4 of 4 people found the following review helpful:
5.0 out of 5 stars
Antietam Battle told in tablets from Battlefield, February 6, 2000
This review is from: Battle of Antietam: The Official History by the Antietam Battlefield Board (Paperback)
Almost 28 years passed before an Act of Congress on 30 August 1890, approved money to survey, locate, and preserve the lines of battle of the Army of the Potomac and the army of Northern Virginia at Antietam. This book gives the specifics of the endeavor and relates it to the reader in a format befitting those early historians, Generals Henry Heth of the Confederacy and Ezra A. Carmen of the Union.
These two men were instrumental in the overall effort of studying the field and movements of the troops, then transforming this information onto iron tablets which were erected upon the hallowed grounds.

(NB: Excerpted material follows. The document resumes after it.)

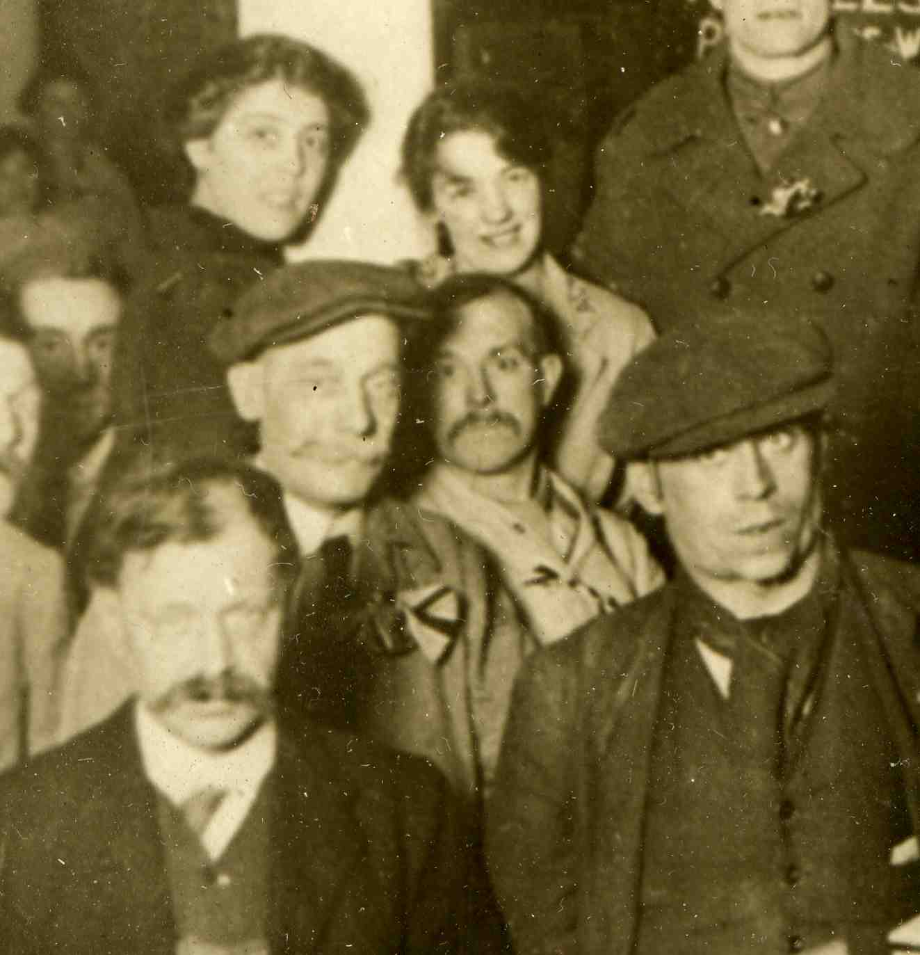 you look closely you can find some Chinese laborers in among the crowd and also

Maps and pictures illustrate the specifics of not only the tablets at Antietam, but Shepherdstown, Harpers Ferry and South Mountain as well. In the case of Shepherdstown, only two of the five tablets still remain and they are in poor condition and in need of repair. If it were not for this publication, one would have to dig through the National Archives to gather the data on the three missing tablets.
This work is an invaluable research tool for the modern historian/archivist as well as interesting reading to the casual Civil War buff. Having the script of every tablet at your finger tips is a valuable resource.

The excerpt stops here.